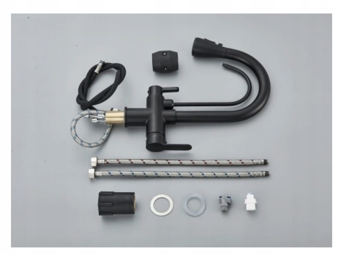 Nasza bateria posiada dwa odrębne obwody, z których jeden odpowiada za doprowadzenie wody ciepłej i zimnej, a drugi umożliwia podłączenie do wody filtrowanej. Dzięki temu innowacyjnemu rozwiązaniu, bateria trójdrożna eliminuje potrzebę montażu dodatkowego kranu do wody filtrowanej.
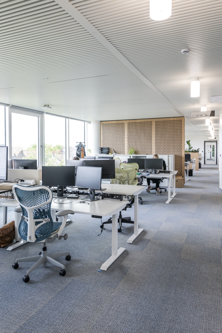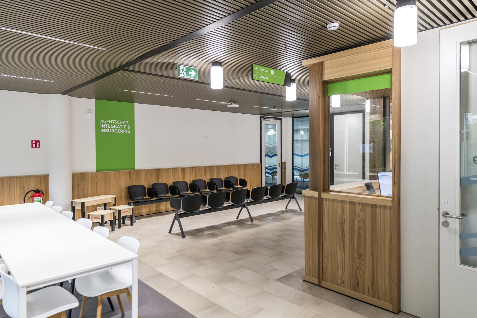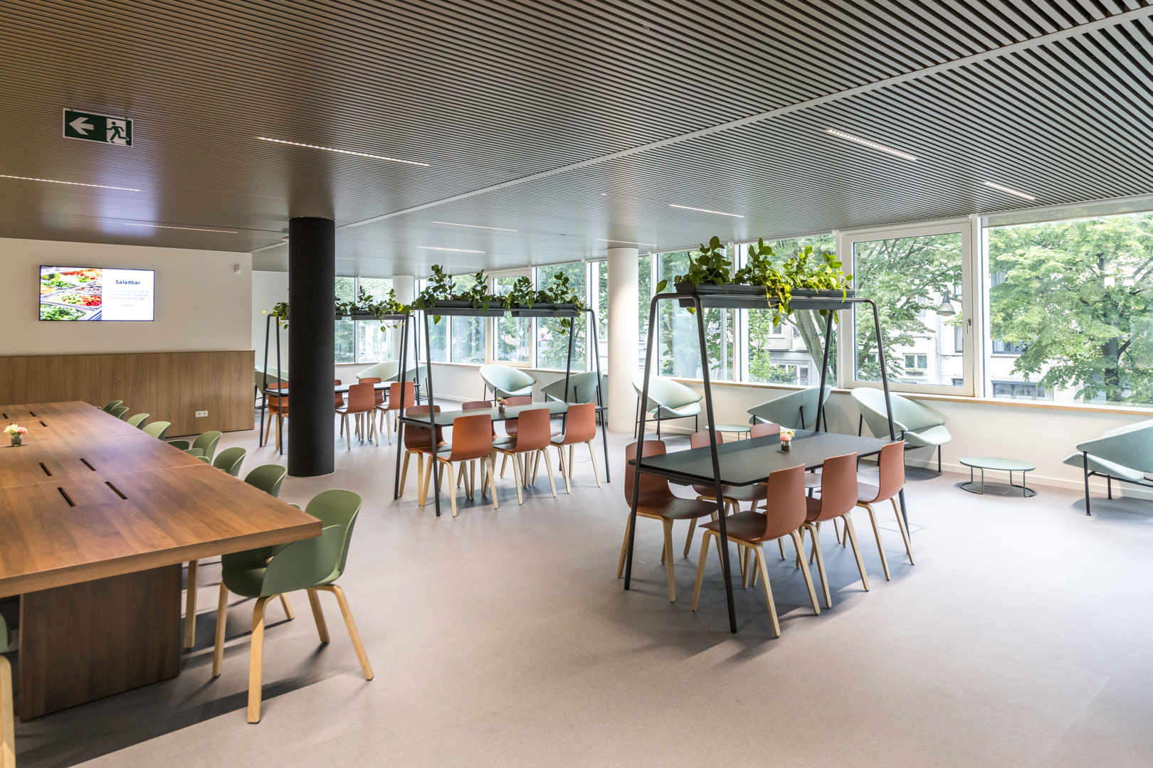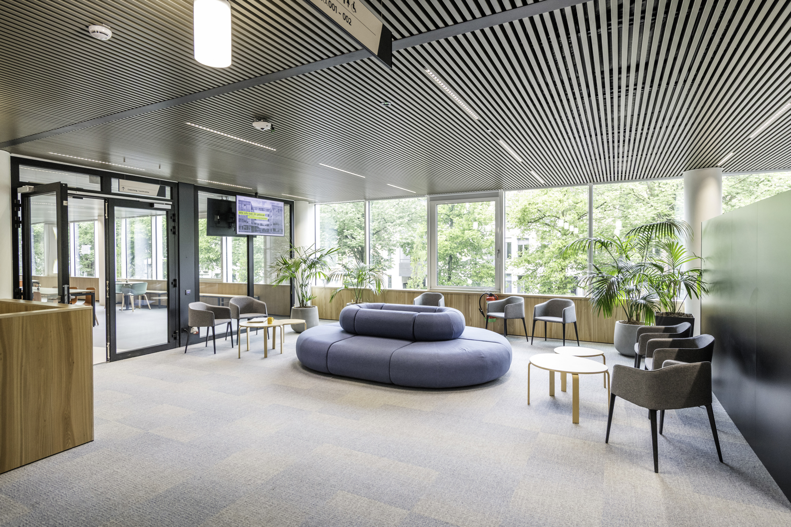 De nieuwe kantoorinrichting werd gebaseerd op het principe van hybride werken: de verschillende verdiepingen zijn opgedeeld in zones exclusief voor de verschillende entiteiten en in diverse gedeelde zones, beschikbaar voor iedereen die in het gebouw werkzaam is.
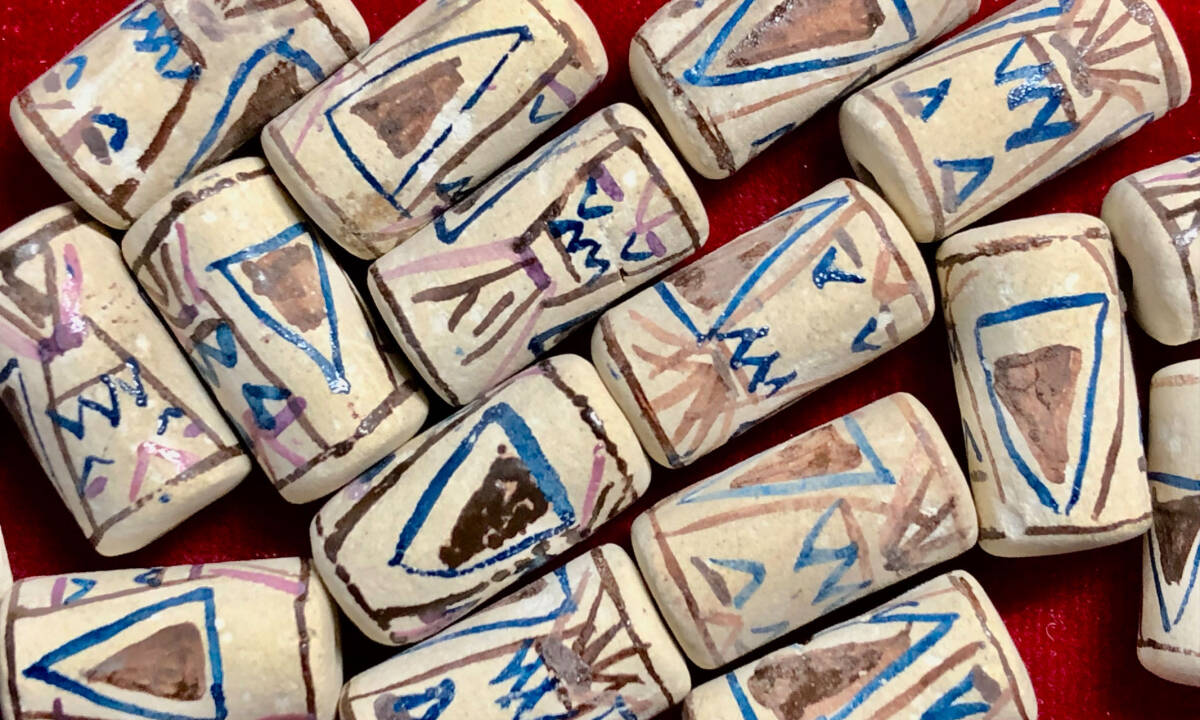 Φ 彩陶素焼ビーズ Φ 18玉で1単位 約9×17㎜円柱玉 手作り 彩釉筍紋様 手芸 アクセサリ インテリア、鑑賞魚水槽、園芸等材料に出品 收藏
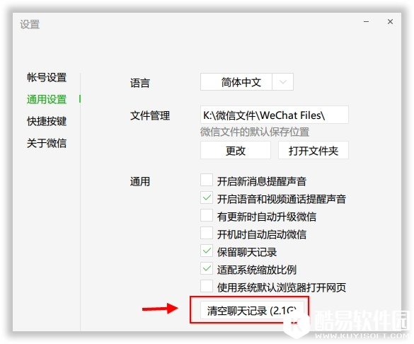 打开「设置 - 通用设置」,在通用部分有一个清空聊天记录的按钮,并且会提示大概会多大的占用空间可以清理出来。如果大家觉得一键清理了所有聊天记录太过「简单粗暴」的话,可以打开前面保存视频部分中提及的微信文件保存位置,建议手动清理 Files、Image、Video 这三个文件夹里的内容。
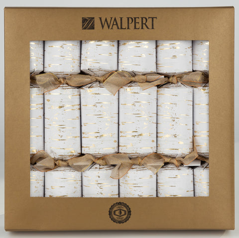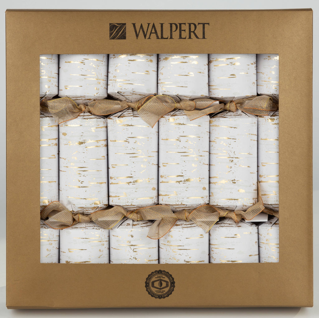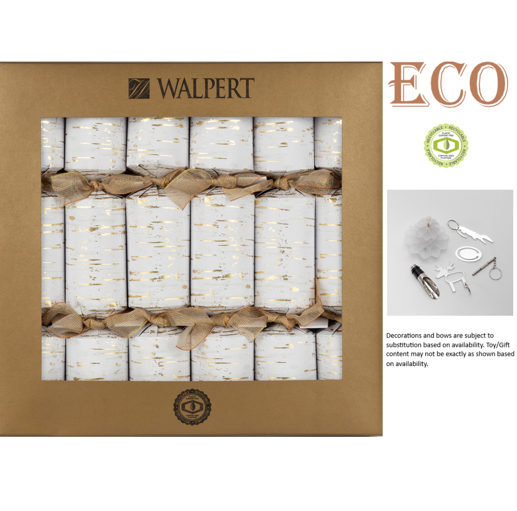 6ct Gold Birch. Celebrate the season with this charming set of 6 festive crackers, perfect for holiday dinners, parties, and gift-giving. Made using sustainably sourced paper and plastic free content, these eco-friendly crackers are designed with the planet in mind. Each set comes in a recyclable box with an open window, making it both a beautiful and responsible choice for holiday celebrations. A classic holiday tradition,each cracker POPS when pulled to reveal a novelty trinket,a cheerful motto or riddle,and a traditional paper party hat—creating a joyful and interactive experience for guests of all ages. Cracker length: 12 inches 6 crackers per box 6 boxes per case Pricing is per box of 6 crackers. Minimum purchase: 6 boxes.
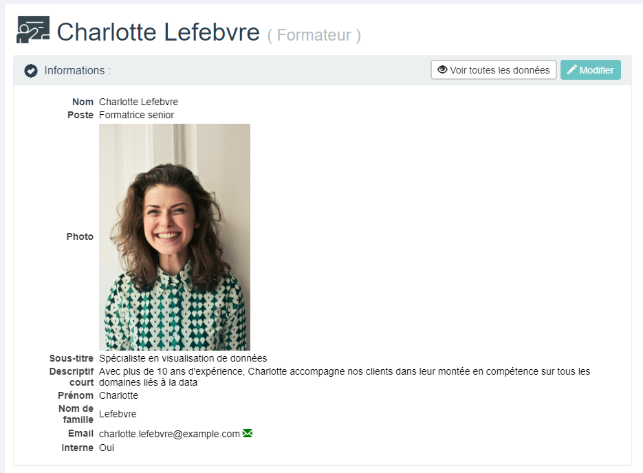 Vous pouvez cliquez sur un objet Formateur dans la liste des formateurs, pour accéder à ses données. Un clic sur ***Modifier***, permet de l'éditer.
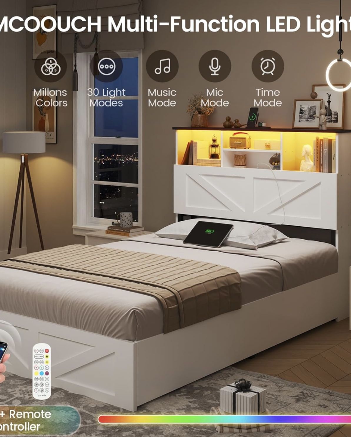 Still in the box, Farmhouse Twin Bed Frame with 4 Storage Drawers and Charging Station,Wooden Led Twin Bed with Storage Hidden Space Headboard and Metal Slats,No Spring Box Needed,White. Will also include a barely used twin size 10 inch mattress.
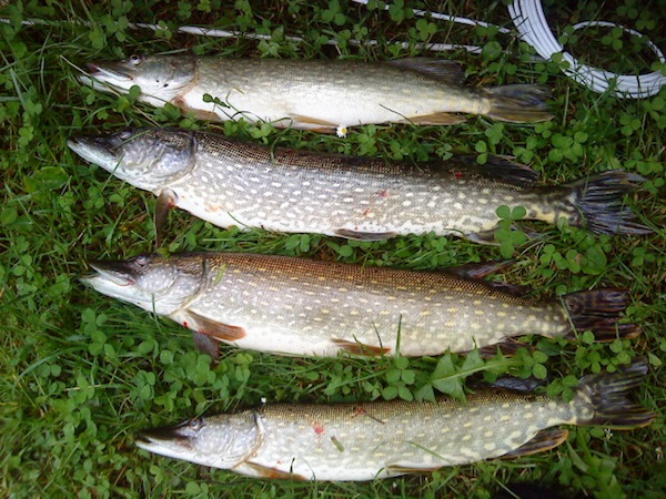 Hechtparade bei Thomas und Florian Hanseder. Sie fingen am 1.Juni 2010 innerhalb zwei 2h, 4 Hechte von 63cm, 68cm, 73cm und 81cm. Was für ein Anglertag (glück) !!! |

EXERCISE REQUIREMENTS. Take the whole listing above and copy it exactly. Pictures do not go into the copy.

PROBLEM SOLUTION.
 Nasza bateria posiada dwa odrębne obwody, z których jeden odpowiada za doprowadzenie wody ciepłej i zimnej, a drugi umożliwia podłączenie do wody filtrowanej. Dzięki temu innowacyjnemu rozwiązaniu, bateria trójdrożna eliminuje potrzebę montażu dodatkowego kranu do wody filtrowanej.
 De nieuwe kantoorinrichting werd gebaseerd op het principe van hybride werken: de verschillende verdiepingen zijn opgedeeld in zones exclusief voor de verschillende entiteiten en in diverse gedeelde zones, beschikbaar voor iedereen die in het gebouw werkzaam is.
 Φ 彩陶素焼ビーズ Φ 18玉で1単位 約9×17㎜円柱玉 手作り 彩釉筍紋様 手芸 アクセサリ インテリア、鑑賞魚水槽、園芸等材料に出品 收藏
 打开「设置 - 通用设置」,在通用部分有一个清空聊天记录的按钮,并且会提示大概会多大的占用空间可以清理出来。如果大家觉得一键清理了所有聊天记录太过「简单粗暴」的话,可以打开前面保存视频部分中提及的微信文件保存位置,建议手动清理 Files、Image、Video 这三个文件夹里的内容。
 6ct Gold Birch. Celebrate the season with this charming set of 6 festive crackers, perfect for holiday dinners, parties, and gift-giving. Made using sustainably sourced paper and plastic free content, these eco-friendly crackers are designed with the planet in mind. Each set comes in a recyclable box with an open window, making it both a beautiful and responsible choice for holiday celebrations. A classic holiday tradition,each cracker POPS when pulled to reveal a novelty trinket,a cheerful motto or riddle,and a traditional paper party hat—creating a joyful and interactive experience for guests of all ages. Cracker length: 12 inches 6 crackers per box 6 boxes per case Pricing is per box of 6 crackers. Minimum purchase: 6 boxes.
 Vous pouvez cliquez sur un objet Formateur dans la liste des formateurs, pour accéder à ses données. Un clic sur ***Modifier***, permet de l'éditer.
 Still in the box, Farmhouse Twin Bed Frame with 4 Storage Drawers and Charging Station,Wooden Led Twin Bed with Storage Hidden Space Headboard and Metal Slats,No Spring Box Needed,White. Will also include a barely used twin size 10 inch mattress.
 Hechtparade bei Thomas und Florian Hanseder. Sie fingen am 1.Juni 2010 innerhalb zwei 2h, 4 Hechte von 63cm, 68cm, 73cm und 81cm. Was für ein Anglertag (glück) !!! |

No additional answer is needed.